= Historians and histories of the Crusades =

Historians and historical works concerning the Crusades

Historians and histories of the Crusades identifies the sets of histories and their authors (when known) concerning the Crusades that were conducted from 1095 through the 16th century. Reflecting what Crusader historians have typically considered, works written as early as the 4th century may also be relevant, particularly in the history of the Holy Land and Christian pilgrimages. This discussion is divided into the following eight parts:

- List of Crusades to Europe and the Holy Land
- List of sources for the Crusades to the Holy Land
- List of late medieval works on the Crusades
- List of collections of Crusader sources
- List of early modern works on the Crusades
- List of modern historians of the Crusades
- List of works about the archaeology, cartography and numismatics of the Crusades
- Historical sources of the Crusades: pilgrimages and exploration
- Bibliography of the Crusades: modern works.

The first of these provides the chronology of the Crusades, with key histories associated with each major event (beginning with the First Crusade) and is a guide to the subsequent parts. The original sources for the Crusades are those documents generally written by contemporaneous participants. In later centuries, these sources were provided in collections that have served as the basis for subsequent histories. The later historians are those that prepared histories from the 13th century through the 19th century. Modern histories are those that were written after 1900, many of which are in widespread use today. Separate sections on sources on speciality subjects such as archaeology and travelogues relevant to the Crusades are included. The various bibliographies on the Crusades are also discussed below.

== Crusades to Europe and the Holy Land ==

The Crusades began with the First Crusade (1095–1099) that resulted in the formation of the Kingdom of Jerusalem. Crusades in the Holy Land (or Levant) continued until the siege of Acre in 1291, when the Western nations were expelled from the region. Crusades continued in the Mediterranean, including Cyprus and Rhodes, until 1578, primarily pitting the West against the Ottoman Empire. Crusades in other theaters including northern Europe, Iberia, Italy and the Balkans also occurred.
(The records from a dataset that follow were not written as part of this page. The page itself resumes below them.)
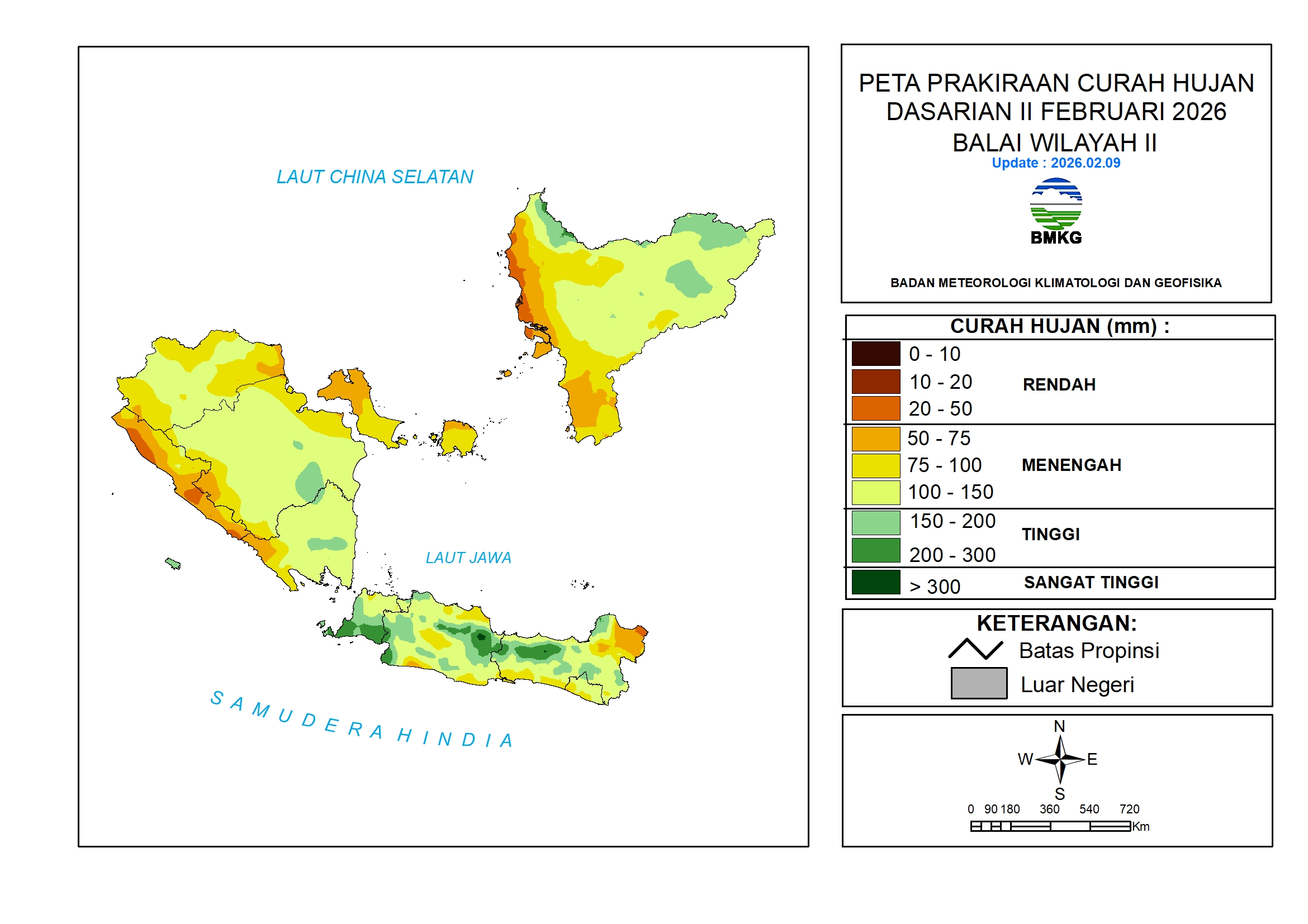 Curah hujan Dasarian II Februari 2026 diprakirakan berada pada kategori Rendah hingga Sangat Tinggi (20 s.d >300 mm/dasarian). Kategori Rendah (20 – 50 mm/dasarian) diprakirakan terjadi di wilayah: Bengkulu, Jawa Tengah, dan Kalimantan Barat. Kategori Sangat Tinggi (>300 mm/dasarian) diprakirakan terjadi di wilayah: Jawa Barat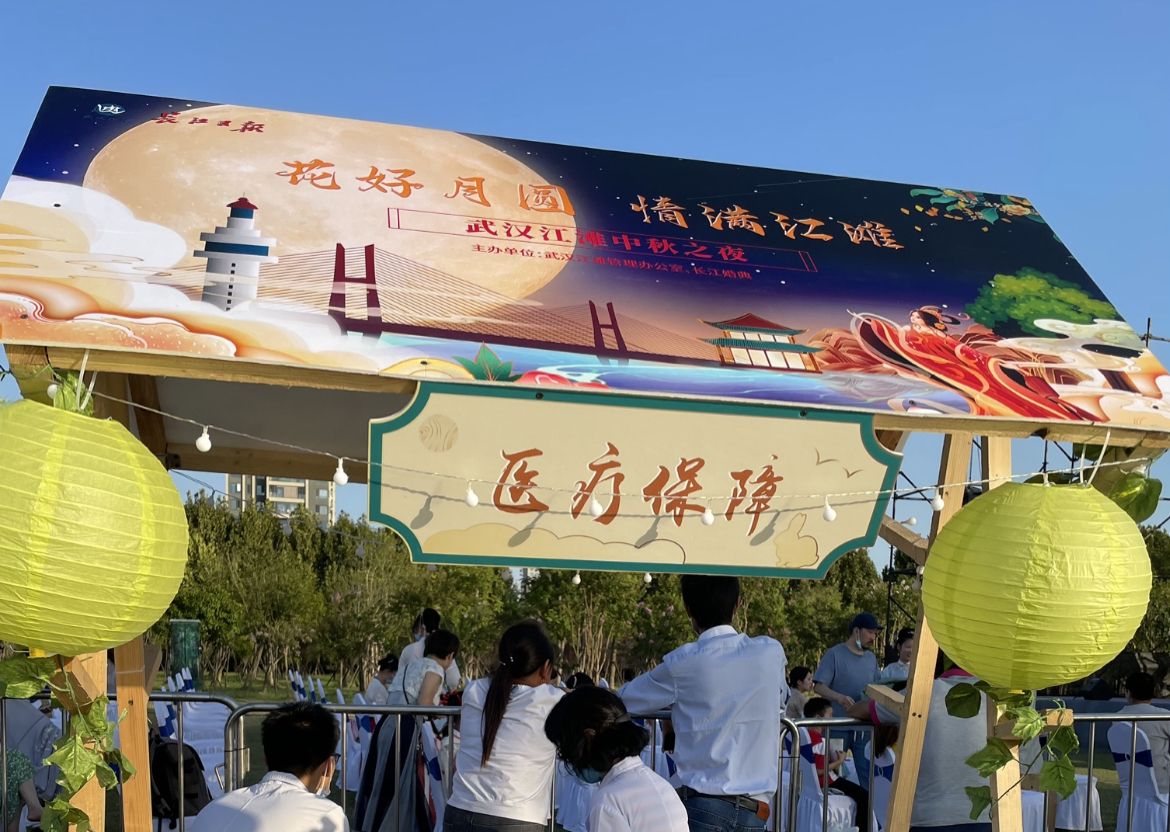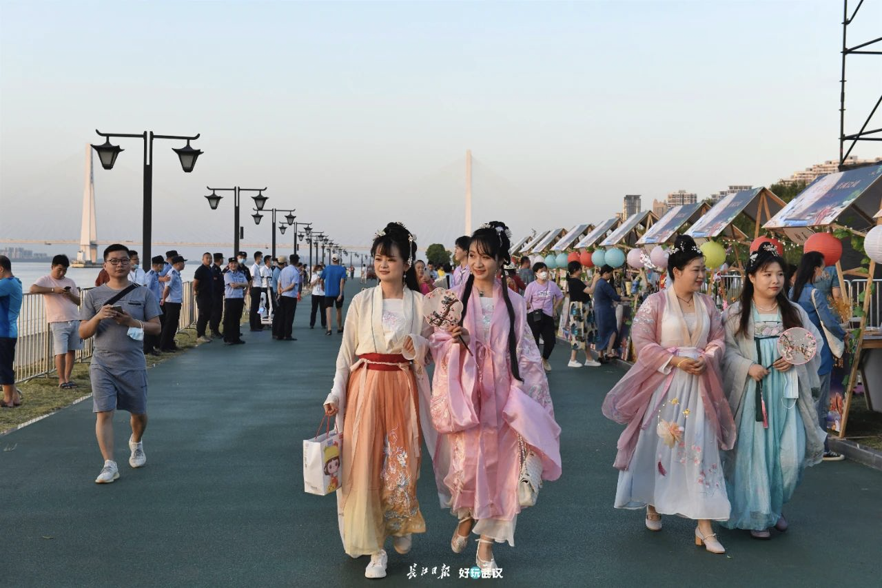 活动现场,团圆集市有多位非遗传人表演技艺,独弦琴表演、香包、脸谱、软陶、糖画、面塑、汉绣等吸引了很多市民打卡。百余位汉服爱好者穿着各式汉服齐聚江滩,成为独特风景。现场医疗保障由武汉京都结石医院提供,中秋特色茶歇由武汉会议中心提供。伊利集团、芙丝天然矿泉水为活动提供了饮品。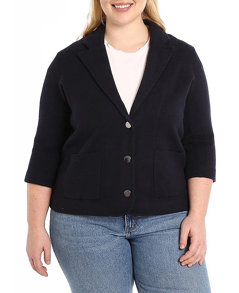 Minnie Rose Plus Size Cotton Blend Blazer.Color:Navy.Size:2X.Material:50% Cotton/50% Acrylic.

Other crusades were conducted for political or other reasons. This chronology identifies those conflicts identified as crusades by scholars, and provides the principal documents on each such crusade. This list follows various chronologies that are available from current historical studies.

== Sources for the Crusades ==

The source documents for the Crusades are generally those accounts of the events that were contemporaneously written. For the First Crusade, the most important of these are documented in the Recueil des historiens des croisades (RHC) and other collections. In their widely-read encyclopedia articles, English political scientist Ernest Barker (1874–1960) and French historian Louis R. Bréhier (1869–1951) identified the important Western, Greek, Arabic and Armenian sources of Crusader history, pilgrimage accounts, ecclesiastical works, letters and correspondence, and archaeological and numismatics studies as a key for historical understanding of the Crusades.

== Late medieval works on the Crusades ==
Later medieval authors that wrote of the Crusades worked primarily from original sources rather than first-hand experience. The first known example is Liber recuperations Terre Sancte (1291) by Franciscan friar Fidentius of Padua, and early historians generally combined their histories with calls for new crusades to the Holy Land or against the Ottoman Empire. General histories were rare through the 16th century, with works focused on more religious, regional or biographical aspects. The work La Gerusalemme liberata (Jerusalem Delivered) by Italian poet Torquato Tasso remained one of the most widely read work on the subject for two centuries.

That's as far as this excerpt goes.